Opinion
Civil Action 20-cv-03174-RM-MEH
07-06-2022
ORDER
RAYMOND P. MOORE, UNITED STATES DISTRICT JUDGE
This product liability lawsuit is before the Court on Defendant's Motion for Summary Judgment (ECF No. 30) and Motion to Strike (ECF No. 35). The motions have been fully briefed. (ECF Nos. 32, 33, 36, 38.) For the reasons below, the Motion for Summary Judgment is granted, and the Motion to Strike is denied as moot.
I. BACKGROUND
Plaintiff claims he was seriously injured in a bicycle crash that occurred while he was carrying a scooter manufactured by Micro Mobility System Ltd., a Swiss corporation. He brings this action against Defendant, the United States distributor of the scooter.
II. LEGAL STANDARD
Summary judgment is appropriate only if there is no genuine dispute of material fact and the moving party is entitled to judgment as a matter of law. Fed.R.Civ.P. 56(a); Celotex Corp. v. Catrett, 477 U.S. 317, 322 (1986); Gutteridge v. Oklahoma, 878 F.3d 1233, 1238 (10th Cir. 2018). Applying this standard requires viewing the facts in the light most favorable to the nonmoving party and resolving all factual disputes and reasonable inferences in its favor. Cillo v. City of Greenwood Vill., 739 F.3d 451, 461 (10th Cir. 2013). However, “[t]he mere existence of some alleged factual dispute between the parties will not defeat an otherwise properly supported motion for summary judgment; the requirement is that there be no genuine issue of material fact.” Scott v. Harris, 550 U.S. 372, 380 (2007).
“The substantive law of the case determines which facts are material.” United States v. Simmons, 129 F.3d 1386, 1388 (10th Cir. 1997). A fact is “material” if it pertains to an element of a claim or defense; a factual dispute is “genuine” if the evidence is so contradictory that if the matter went to trial, a reasonable jury could return a verdict for either party. Anderson v. Liberty Lobby, Inc., 477 U.S. 242, 248 (1986). Whether there is a genuine dispute as to a material fact depends upon whether the evidence presents a sufficient disagreement to require submission to a jury or is so one-sided that one party must prevail as a matter of law. Id. at 251-52; Stone v.
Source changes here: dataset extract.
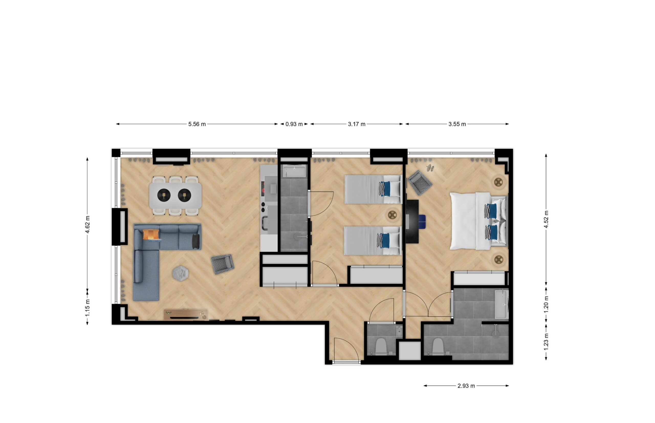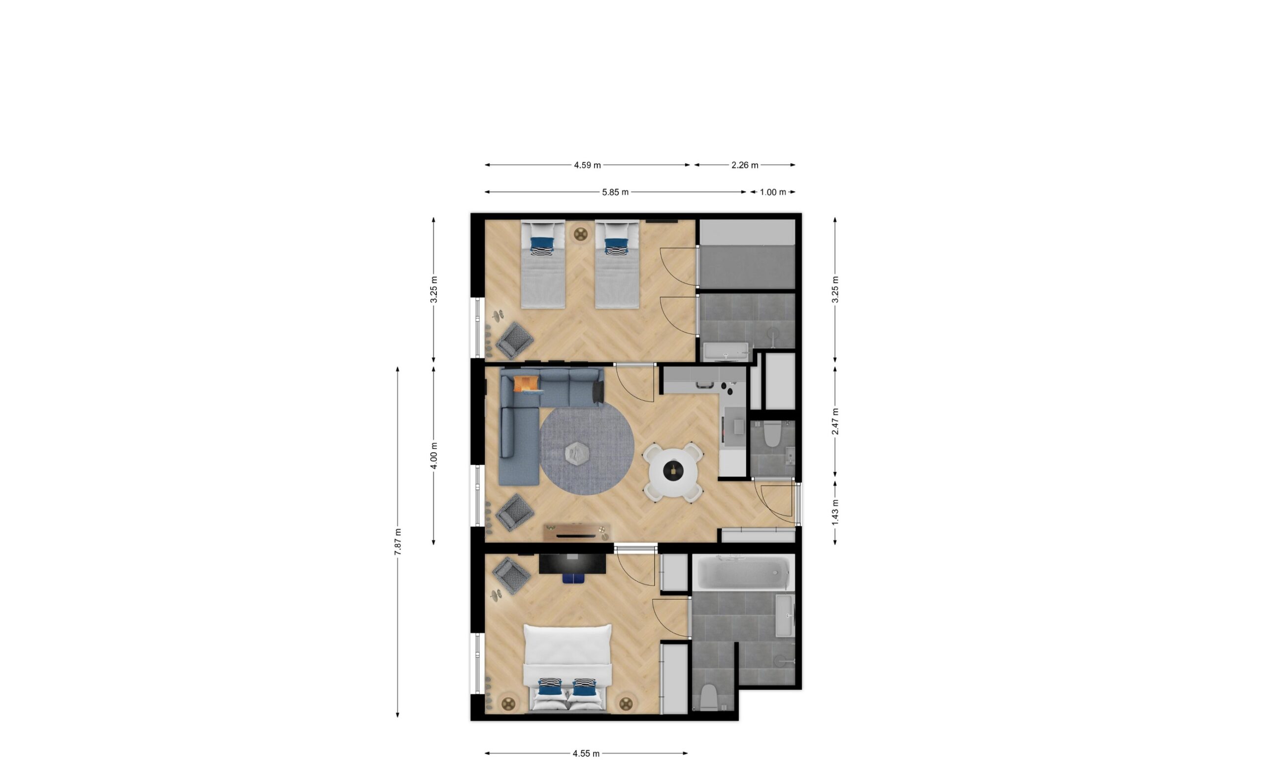 - Doppelbett, 2 Einzelbetten und Schlafsofa

Autoliv ASP, Inc., 210 F.3d 1132, 1136 (10th Cir. 2000).
Where the burden of persuasion at trial would be on the nonmoving party, the party moving for summary judgment bears the initial burden of showing an absence of any issues of material fact. See Tesone v. Empire Mktg. Strategies, 942 F.3d 979, 994 (10th Cir. 2019). If the moving party demonstrates that the nonmoving party's evidence is insufficient to establish an essential element of his claim, the burden shifts to it to set forth specific facts showing that there is a genuine issue for trial. See id. If it fails to make a showing sufficient to establish the existence of an element, summary judgment must be entered in favor of the moving party. See id.
III. ANALYSIS
Defendant argues that it cannot be held liable in this case because Plaintiff has not established that it can be deemed the manufacturer of the scooter. On the current record, the Court agrees.
As Defendant is not the actual manufacturer of the scooter, Plaintiff relies on Colorado's innocent seller statute to assert liability against it as the distributer or seller. That statute provides, in pertinent part, as follows: “If jurisdiction cannot be obtained over a particular manufacturer of a product or a part of a product alleged to be defective, then the manufacturer's principal distributor or seller over whom jurisdiction can be obtained shall be deemed, for purposes of this section, the manufacturer of the product.” Colo Rev. Stat. § 13-21-402(2).
But Plaintiff has adduced no evidence that jurisdiction cannot be obtained over the actual manufacturer. Nor has it adduced competing evidence to refute Defendant's evidence that the actual manufacturer could be served in Switzerland if appropriate steps were taken to do so. Under the circumstances, the mere assertion that the actual manufacturer is not authorized to conduct business in Colorado is insufficient to raise a genuine issue of material fact for trial. Further, although it is not Defendant's burden to establish that jurisdiction can be obtained over the actual manufacturer, Plaintiff has failed to meaningfully address Defendant's assertion that jurisdiction likely could be established over the actual manufacturer because it has been selling products in Colorado since 2007, including over twenty thousand scooters sold to customers in Colorado between 2016 and 2019, when the scooter at issue in this case is alleged to have been purchased through a website. Accordingly, Plaintiff's conclusory contention that the actual manufacturer does not appear to have purposedly directed any of its activities towards Colorado residents lacks merit.
IV. CONCLUSION
Therefore, the Motion for Summary Judgment (ECF No. 30) is GRANTED, and the Motion to Strike (ECF No. 35) is DENIED AS MOOT. The Clerk is directed to CLOSE this case.